(Data records)
---

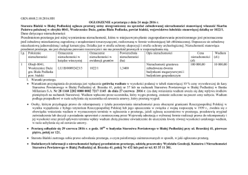 GKN.6840.2.10.2016.HH OGŁOSZENIE o przetargu z dnia 24 maja 2016 r. Starosta Bialski w Białej Podlaskiej ogłasza przetarg ustny nieograniczony na sprzedaż zabudowanej nieruchomości stanowiącej własność Skarbu Państwa położonej w obrębie 0041, Woskrzenice Duże, gmina Biała Podlaska, powiat bialski, województwo lubelskie stanowiącej działkę nr 1022/1. Dane dotyczące nieruchomości: Przedmiotem przetargu jest niżej wymieniona nieruchomość, która w miejscowym planie zagospodarowania przestrzennego jest przeznaczona pod zabudowę mieszkaniową zagrodową z urządzeniami towarzyszącymi, realizowaną w formie wolnostojącej lub zbliźniaczonej. Dopuszcza sie zabudowę mieszkaniową jednorodzinną i usługi komercyjne. Działka jest w strefie ochrony ekspozycji i strefie ochrony archeologicznej. Nieruchomość stanowiąca przedmiot przetargu, nie jest obciążona prawami rzeczowymi i nie ma przeszkód prawnych w rozporządzaniu nią. l.p. Położenie Oznaczenie Oznaczenie Powierzchnia Opis nieruchomości Cena Wadium nieruchomości nieruchomości w nieruchomości w nieruchomości nieruchomości (zł.) księdze wieczystej ewidencji gruntów (ha) (zł) 1 Obręb 0041, Nieruchomość gruntowa 100 000,00 10 000,00 Woskrzenice Duże LU1B/00092423/3 1022/1 1,3400 zabudowana dwoma gm. Biała Podlaska budynkami magazynowymi i pow. bialski budynkiem gospodarczym 1. Warunki przetargu. Warunkiem przystąpienia do przetargu jest wpłacenie gotówką wadium w wysokości podanej w tabeli stanowiącej 10 % ceny wywoławczej do kasy Starostwa Powiatowego w Białej Podlaskiej ul. Brzeska 41, pokój nr 37 lub na rachunek Starostwa Powiatowego w Białej Podlaskiej w Banku Millenium S.A. Nr 28 1160 2202 0000 0002 7217 1145 do dnia 27 czerwca 2016 r. (za datę wniesienia wadium uważa się datę wpływu środków pieniężnych na rachunek Starostwa). Wadium wpłacone przez uczestnika, który wygra przetarg, zostanie zaliczone na poczet ceny nabycia. Wadium podlega przepadkowi w razie uchylenia się uczestnika od zawarcia umowy, który przetarg wygrał. Osoby, którym przysługuje prawo do rekompensaty z tytułu pozostawienia nieruchomości poza obecnymi granicami Rzeczypospolitej Polskiej w wyniku wypędzenia z byłego terytorium Rzeczypospolitej Polskiej lub jego opuszczenia w związku z wojną rozpoczętą w 1939 r., zwalnia się z obowiązku wniesienia wadium w wyznaczonym terminie w ogłoszeniu o przetargu, jeżeli zgłoszą uczestnictwo w przetargu, przedstawią oryginał zaświadczenia lub decyzji o posiadaniu uprawnień z zamieszczoną przez Wojewodę adnotacją o wybranej formie realizacji prawa do rekompensaty i jej wysokości oraz przed upływem terminu wpłaty wadium złożą pisemne oświadczenie do uiszczenia kwoty równej wysokości ustalonego wadium, w razie uchylenia się od zawarcia umowy. Przetarg odbędzie się 29 czerwca 2016 r. o godz. 1000 w budynku Starostwa Powiatowego w Białej Podlaskiej przy ul. Brzeskiej 41, pierwsze piętro, pokój nr 121. Starosta Bialski zastrzega sobie prawo odwołania przetargu, o czym poinformuje zainteresowanych w sposób, w jaki ogłoszono przetarg. Dodatkowych informacji o nieruchomości będącej przedmiotem przetargu, udzielą pracownicy Wydziału Geodezji, Katastru i Nieruchomości Starostwa Powiatowego w Białej Podlaskiej ul. Brzeska 41, pokój Nr 432 lub pod nr tel. 83 35 11 381.
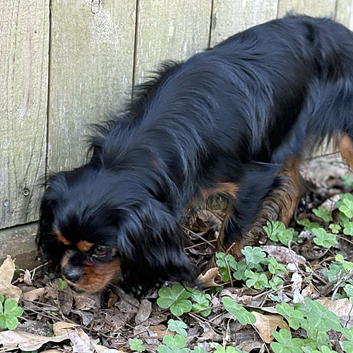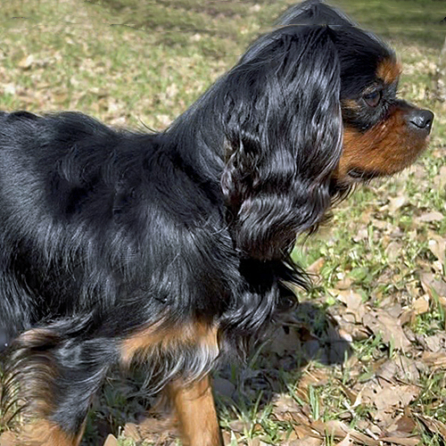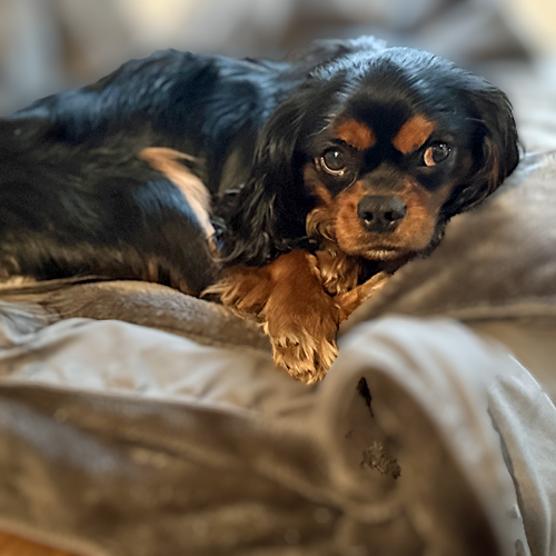 Teddy is a 13-pound Cavalier with a gorgeous black and tan coat, born November 16, 2024. He was previously in a home with children and was very sweet with them, but his barking triggered one of the children diagnosed with autism.
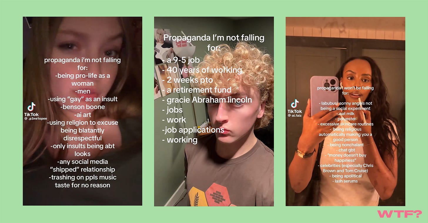 The Tea: That’s the question I’ve been stirring over after drowning in a sea of the latest social media trend, “propaganda I’m not falling for.” Over the past week, there’s been a flurry of posts where users define a diverse list of popular trends, people, products, or ideas they say they’re not buying into. Some items include labubus and sonny angels (rude), pilates, manifestations, trad wives, oat milk, and Benson Boone (Thomas, if you’re reading this, I hope you’re smiling). If you were curious to see which things came up the most, Casey Lewis from After School posted a TikTok about it here. Others have also taken it upon themselves to put together a list of “propaganda I AM falling for,” as a way to offer a different perspective on the trend.
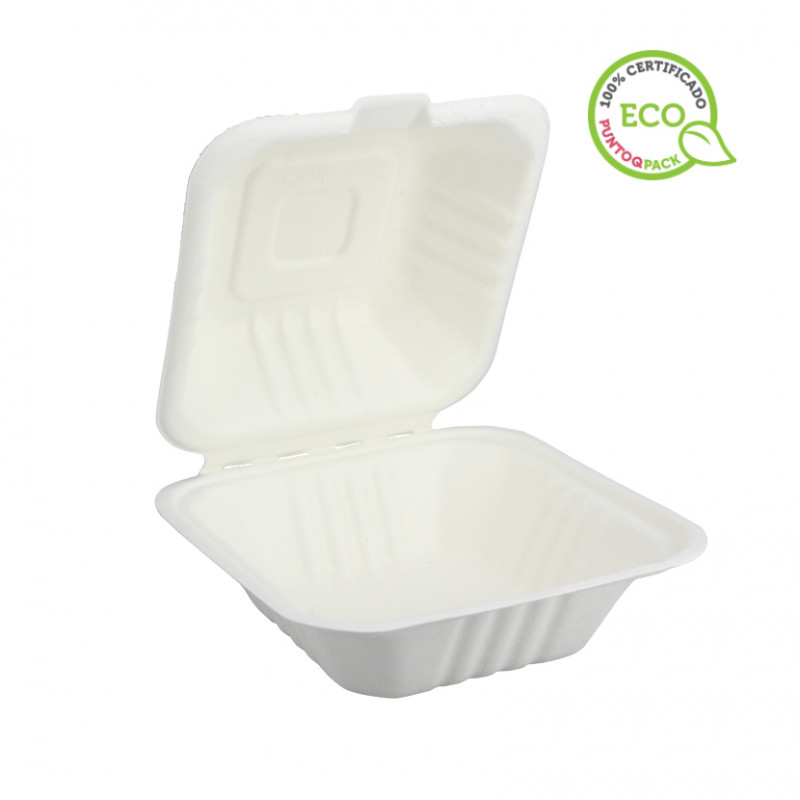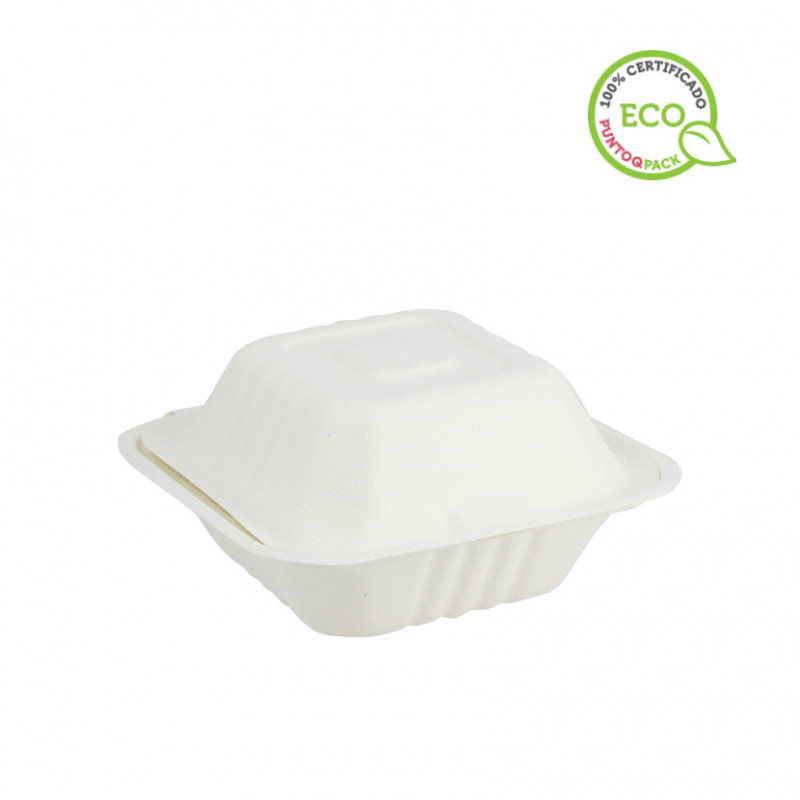 Caixas para hambúrguer feitas de um material totalmente compostável de fibra de cana-de-açúcar. De cor branca e elegantes. Essas caixas de hambúrguer são resistentes a possíveis golpes no transporte de take away e delivery. Ideais para hotelaria, restauração, fast food e food trucks. Embalagem biodegradável.
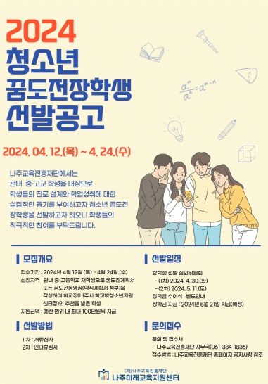 [¹Ìµð¾îÀü³² Á¦°¥´ëÁ¾ ±âÀÚ](Àç)³ªÁÖ±³À°ÁøÈïÀç´ÜÀº ³ªÁֽà Áß¡¤°íµîÇб³ Çлý ¹× û¼Ò³âµéÀ» ´ë»óÀ¸·Î¡®Ã»¼Ò³â ²ÞµµÀü ÀåÇбݡ¯À» Áö¿øÇÑ´Ù°í 18ÀÏ ¹àÇû´Ù. ¡®Ã»¼Ò³â ²ÞµµÀü ÀåÇбݡ¯Àº Áø·Î¿¡ ´ëÇÑ °èȹÀ» Á÷Á¢ ¼ö¸³ÇÑ °³ÀÎ ¶Ç´Â ÆÀ¿¡¡¦
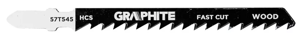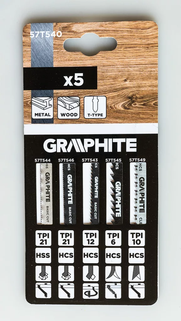 Dekopírfűrészlap készlet, 6 TPI, 10 TPI, 12 TPI, 20 TPI, HCS, T-befogású, 5 db. 57T540 Graphite által gyártott készlet, amely a következőket tartalmazza: 1x 57T543 szúrófűrészlap, 12 TPI fogsűrűséggel, HCS anyaggal és T típusú fogantyúval. Jellemzője a 76 mm teljes hossz, 50 mm munkahossz, 5,2 mm szélesség, 1 mm vastagság és 2 mm fogosztás. Alkalmazások: puhafa (2-15 mm), rétegelt lemez, forgácslap, ácsolt rétegelt lemez, farostlemez, íves vágásokhoz, alapvágáshoz. A Graphite készlet tartalmaz továbbá 1x 57T544 szúrófűrészlapot, 21 TPI fogsűrűséggel, HCS anyagból és T alakú fogantyúval. A készlet 2 darabját 76 mm teljes hossz, 50 mm munkahossz, 8 mm szélesség, 1 mm vastagság és 1,2 mm fogköz jellemzi. Alkalmazás: vékony fémlemezek (1-3 mm), alapvágás. A készlet 1x 57T545 szúrófűrészlapot is tartalmaz, 6 TPI fogsűrűséggel, HCS anyagból és T alakú fogantyúval. Szerszám teljes hossza 100 mm, munkahossza 74 mm, szélessége 8 mm, vastagsága 1,2 mm és fogosztása 4 mm. Alkalmazás: puhafa (5-50 mm), forgácslap, rétegelt lemez, farostlemez, gyors vágás, durva vágás. A készlet tartalmaz továbbá 1x 57T546 szúrófűrészlapot, fogsűrűség 21 TPI, HCS anyag és T alakú fogantyú. Teljes hossz 76 mm, munkahossz 50 mm, szélesség 8 mm, vastagság 1 mm és fogosztás 1,2 mm. Alkalmazások: puhafa (1,5-15 mm), rétegelt lemez, forgácslap, ácsolt rétegelt lemez, farostlemez, alapvágás. A Graphite márkakészlet 1x 57T549 szúrófűrészlapot is kínál, 10 TPI fogsűrűséggel, HCS anyaggal és T alakú fogantyúval. Teljes hossza 100 mm, munkahossza 74 mm, szélessége 8 mm, vastagsága 1,5 mm, fogazati távolsága 2,5 mm. Alkalmazások: puhafa, forgácslap, asztalos rétegelt lemez, farostlemez (3-30 mm), műanyag/epoxi (átmérő <30 mm), tiszta vágás.

---

> **PROBLEM TO WORK ON**
Omit the pictures, then copy out all the data exactly as it stands.

> **OUTPUT OF THE TASK**
 GKN.6840.2.10.2016.HH OGŁOSZENIE o przetargu z dnia 24 maja 2016 r. Starosta Bialski w Białej Podlaskiej ogłasza przetarg ustny nieograniczony na sprzedaż zabudowanej nieruchomości stanowiącej własność Skarbu Państwa położonej w obrębie 0041, Woskrzenice Duże, gmina Biała Podlaska, powiat bialski, województwo lubelskie stanowiącej działkę nr 1022/1. Dane dotyczące nieruchomości: Przedmiotem przetargu jest niżej wymieniona nieruchomość, która w miejscowym planie zagospodarowania przestrzennego jest przeznaczona pod zabudowę mieszkaniową zagrodową z urządzeniami towarzyszącymi, realizowaną w formie wolnostojącej lub zbliźniaczonej. Dopuszcza sie zabudowę mieszkaniową jednorodzinną i usługi komercyjne. Działka jest w strefie ochrony ekspozycji i strefie ochrony archeologicznej. Nieruchomość stanowiąca przedmiot przetargu, nie jest obciążona prawami rzeczowymi i nie ma przeszkód prawnych w rozporządzaniu nią. l.p. Położenie Oznaczenie Oznaczenie Powierzchnia Opis nieruchomości Cena Wadium nieruchomości nieruchomości w nieruchomości w nieruchomości nieruchomości (zł.) księdze wieczystej ewidencji gruntów (ha) (zł) 1 Obręb 0041, Nieruchomość gruntowa 100 000,00 10 000,00 Woskrzenice Duże LU1B/00092423/3 1022/1 1,3400 zabudowana dwoma gm. Biała Podlaska budynkami magazynowymi i pow. bialski budynkiem gospodarczym 1. Warunki przetargu. Warunkiem przystąpienia do przetargu jest wpłacenie gotówką wadium w wysokości podanej w tabeli stanowiącej 10 % ceny wywoławczej do kasy Starostwa Powiatowego w Białej Podlaskiej ul. Brzeska 41, pokój nr 37 lub na rachunek Starostwa Powiatowego w Białej Podlaskiej w Banku Millenium S.A. Nr 28 1160 2202 0000 0002 7217 1145 do dnia 27 czerwca 2016 r. (za datę wniesienia wadium uważa się datę wpływu środków pieniężnych na rachunek Starostwa). Wadium wpłacone przez uczestnika, który wygra przetarg, zostanie zaliczone na poczet ceny nabycia. Wadium podlega przepadkowi w razie uchylenia się uczestnika od zawarcia umowy, który przetarg wygrał. Osoby, którym przysługuje prawo do rekompensaty z tytułu pozostawienia nieruchomości poza obecnymi granicami Rzeczypospolitej Polskiej w wyniku wypędzenia z byłego terytorium Rzeczypospolitej Polskiej lub jego opuszczenia w związku z wojną rozpoczętą w 1939 r., zwalnia się z obowiązku wniesienia wadium w wyznaczonym terminie w ogłoszeniu o przetargu, jeżeli zgłoszą uczestnictwo w przetargu, przedstawią oryginał zaświadczenia lub decyzji o posiadaniu uprawnień z zamieszczoną przez Wojewodę adnotacją o wybranej formie realizacji prawa do rekompensaty i jej wysokości oraz przed upływem terminu wpłaty wadium złożą pisemne oświadczenie do uiszczenia kwoty równej wysokości ustalonego wadium, w razie uchylenia się od zawarcia umowy. Przetarg odbędzie się 29 czerwca 2016 r. o godz. 1000 w budynku Starostwa Powiatowego w Białej Podlaskiej przy ul. Brzeskiej 41, pierwsze piętro, pokój nr 121. Starosta Bialski zastrzega sobie prawo odwołania przetargu, o czym poinformuje zainteresowanych w sposób, w jaki ogłoszono przetarg. Dodatkowych informacji o nieruchomości będącej przedmiotem przetargu, udzielą pracownicy Wydziału Geodezji, Katastru i Nieruchomości Starostwa Powiatowego w Białej Podlaskiej ul. Brzeska 41, pokój Nr 432 lub pod nr tel. 83 35 11 381.
 Teddy is a 13-pound Cavalier with a gorgeous black and tan coat, born November 16, 2024. He was previously in a home with children and was very sweet with them, but his barking triggered one of the children diagnosed with autism.
 The Tea: That’s the question I’ve been stirring over after drowning in a sea of the latest social media trend, “propaganda I’m not falling for.” Over the past week, there’s been a flurry of posts where users define a diverse list of popular trends, people, products, or ideas they say they’re not buying into. Some items include labubus and sonny angels (rude), pilates, manifestations, trad wives, oat milk, and Benson Boone (Thomas, if you’re reading this, I hope you’re smiling). If you were curious to see which things came up the most, Casey Lewis from After School posted a TikTok about it here. Others have also taken it upon themselves to put together a list of “propaganda I AM falling for,” as a way to offer a different perspective on the trend.
 Caixas para hambúrguer feitas de um material totalmente compostável de fibra de cana-de-açúcar. De cor branca e elegantes. Essas caixas de hambúrguer são resistentes a possíveis golpes no transporte de take away e delivery. Ideais para hotelaria, restauração, fast food e food trucks. Embalagem biodegradável.
 [¹Ìµð¾îÀü³² Á¦°¥´ëÁ¾ ±âÀÚ](Àç)³ªÁÖ±³À°ÁøÈïÀç´ÜÀº ³ªÁֽà Áß¡¤°íµîÇб³ Çлý ¹× û¼Ò³âµéÀ» ´ë»óÀ¸·Î¡®Ã»¼Ò³â ²ÞµµÀü ÀåÇбݡ¯À» Áö¿øÇÑ´Ù°í 18ÀÏ ¹àÇû´Ù. ¡®Ã»¼Ò³â ²ÞµµÀü ÀåÇбݡ¯Àº Áø·Î¿¡ ´ëÇÑ °èȹÀ» Á÷Á¢ ¼ö¸³ÇÑ °³ÀÎ ¶Ç´Â ÆÀ¿¡¡¦
 Dekopírfűrészlap készlet, 6 TPI, 10 TPI, 12 TPI, 20 TPI, HCS, T-befogású, 5 db. 57T540 Graphite által gyártott készlet, amely a következőket tartalmazza: 1x 57T543 szúrófűrészlap, 12 TPI fogsűrűséggel, HCS anyaggal és T típusú fogantyúval. Jellemzője a 76 mm teljes hossz, 50 mm munkahossz, 5,2 mm szélesség, 1 mm vastagság és 2 mm fogosztás. Alkalmazások: puhafa (2-15 mm), rétegelt lemez, forgácslap, ácsolt rétegelt lemez, farostlemez, íves vágásokhoz, alapvágáshoz. A Graphite készlet tartalmaz továbbá 1x 57T544 szúrófűrészlapot, 21 TPI fogsűrűséggel, HCS anyagból és T alakú fogantyúval. A készlet 2 darabját 76 mm teljes hossz, 50 mm munkahossz, 8 mm szélesség, 1 mm vastagság és 1,2 mm fogköz jellemzi. Alkalmazás: vékony fémlemezek (1-3 mm), alapvágás. A készlet 1x 57T545 szúrófűrészlapot is tartalmaz, 6 TPI fogsűrűséggel, HCS anyagból és T alakú fogantyúval. Szerszám teljes hossza 100 mm, munkahossza 74 mm, szélessége 8 mm, vastagsága 1,2 mm és fogosztása 4 mm. Alkalmazás: puhafa (5-50 mm), forgácslap, rétegelt lemez, farostlemez, gyors vágás, durva vágás. A készlet tartalmaz továbbá 1x 57T546 szúrófűrészlapot, fogsűrűség 21 TPI, HCS anyag és T alakú fogantyú. Teljes hossz 76 mm, munkahossz 50 mm, szélesség 8 mm, vastagság 1 mm és fogosztás 1,2 mm. Alkalmazások: puhafa (1,5-15 mm), rétegelt lemez, forgácslap, ácsolt rétegelt lemez, farostlemez, alapvágás. A Graphite márkakészlet 1x 57T549 szúrófűrészlapot is kínál, 10 TPI fogsűrűséggel, HCS anyaggal és T alakú fogantyúval. Teljes hossza 100 mm, munkahossza 74 mm, szélessége 8 mm, vastagsága 1,5 mm, fogazati távolsága 2,5 mm. Alkalmazások: puhafa, forgácslap, asztalos rétegelt lemez, farostlemez (3-30 mm), műanyag/epoxi (átmérő <30 mm), tiszta vágás.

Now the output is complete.